Un viejo que rumiaba la modorra del coñac se incorporó soltando toses perrunas y alzó la lona que cubría un organillo medio desvencijado. Cuando accionó la manivela, el instrumento desgranó un cuplé lleno de mellas que animó a Aurelio a iniciar una danza estrambótica con la Pitusa Dolores, una princesa que no tardó en ofrecer al galán las flores mustias de sus pechos.

Ya tenía Teresa la Liebre preparado su tejemaneje cuando se acercó a Aurelio tras el baile. En el mismo mostrador sucio de rodelas de vinazo fue derramando su veneno de azúcar con la más melosa de sus voces.

—Te tengo un asunto, Urelio. Un clavelito que es el mismo sol y que será tuyo cuando me lo digas.

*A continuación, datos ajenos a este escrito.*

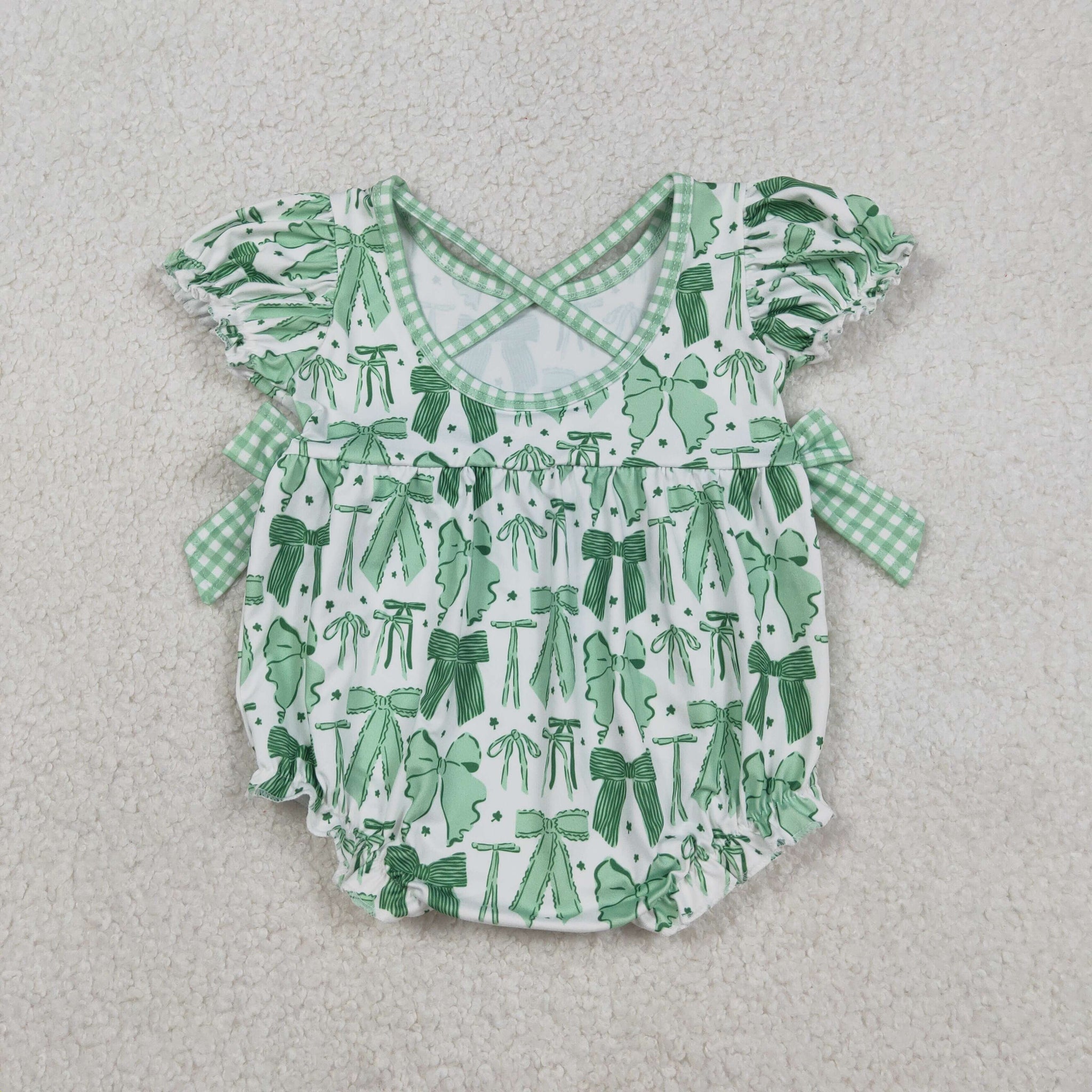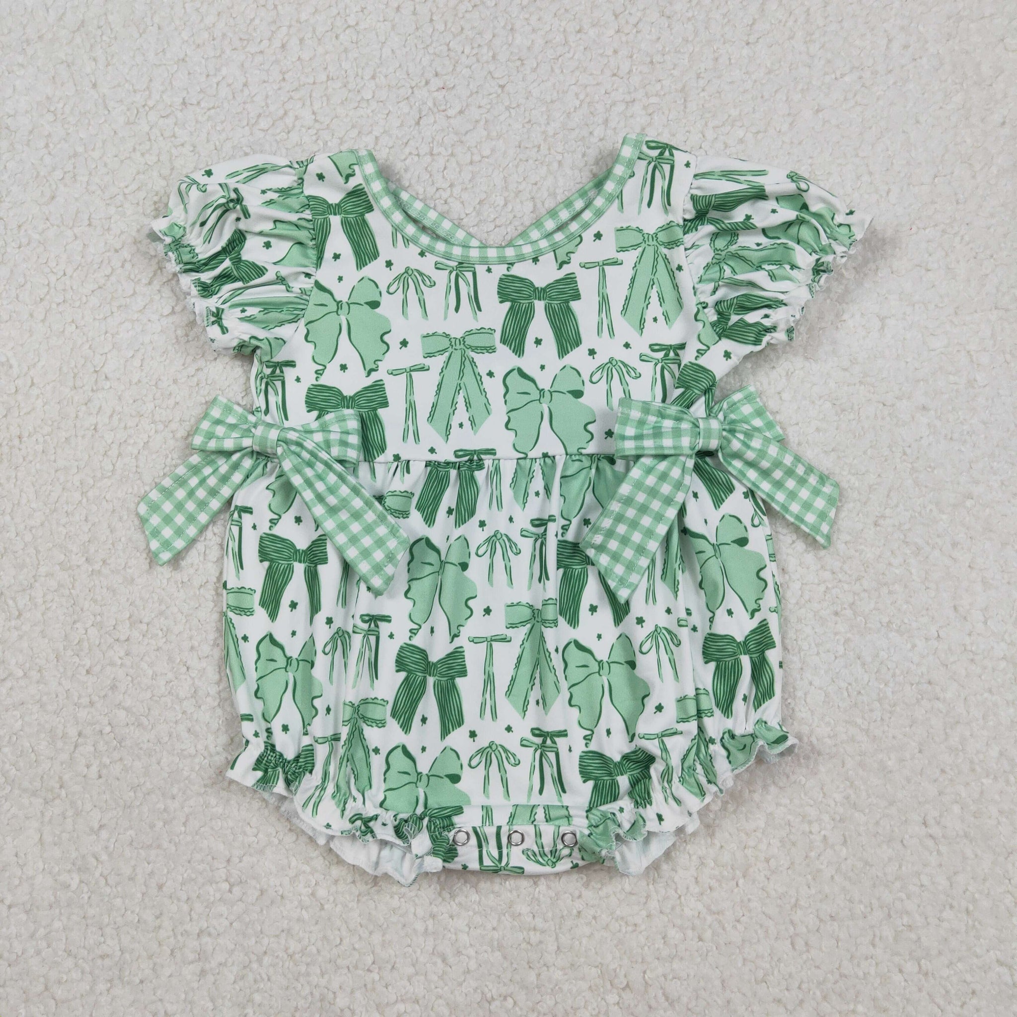 Green Bow Pattern Girls St. Patrick's Day Romper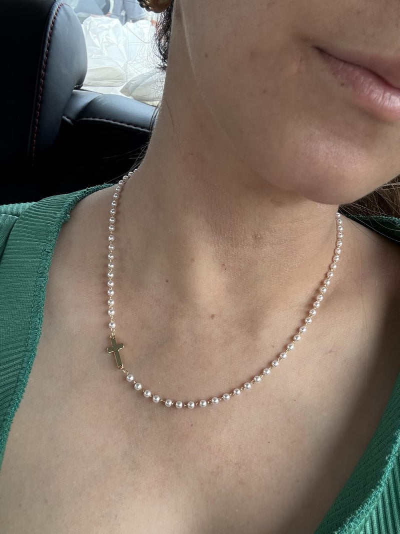 The delicate cross and luminous pearls come together to represent faith, grace, and love a piece that carries more than just beauty.

—¿Nuevo a estrenar o es otro de tus arreglos, Teresa? —ironizó el buhonero en voz alta a la espera de las risas de sus corifeos.

—Tan nuevo que la niña na más que a ti quiere regalar su tesoro —contestó la fregona acariciando con una mano la cintura de Aurelio.

—Y quién es la fulana si puede saberse —preguntó mirando sin ver la pobre botillería de enfrente.

—Pos la misma Merceditas Tárrega... Anda que tienes a la niña que se ahoga en suspiros, ladrón —mintió Teresa.

—¿No es ésa la hija del ricacho?... No me metas en líos que te escucho el cascabel —dijo Aurelio terminando el vaso y pidiendo otro. La nube del ojo se le agrisó como llena de tormenta.

—La misma ¿Acaso te parece poca pieza, Urelio, o es que tienes miedo? —arriesgó Teresa su farol.

—No tengo miedo, víbora. Pero tampoco quiero problemas, que ya entiendo lo que buscas. —El buhonero prendió con mano insegura un caliqueño que terció en su boca a la vez que las conversaciones de alrededor se apagaban al augurarse una apuesta tabernaria . No conseguía Teresa la mirada directa de Aurelio y temió por su envite. Vino a ayudarla la voz de un invertido que partió desde el fondo.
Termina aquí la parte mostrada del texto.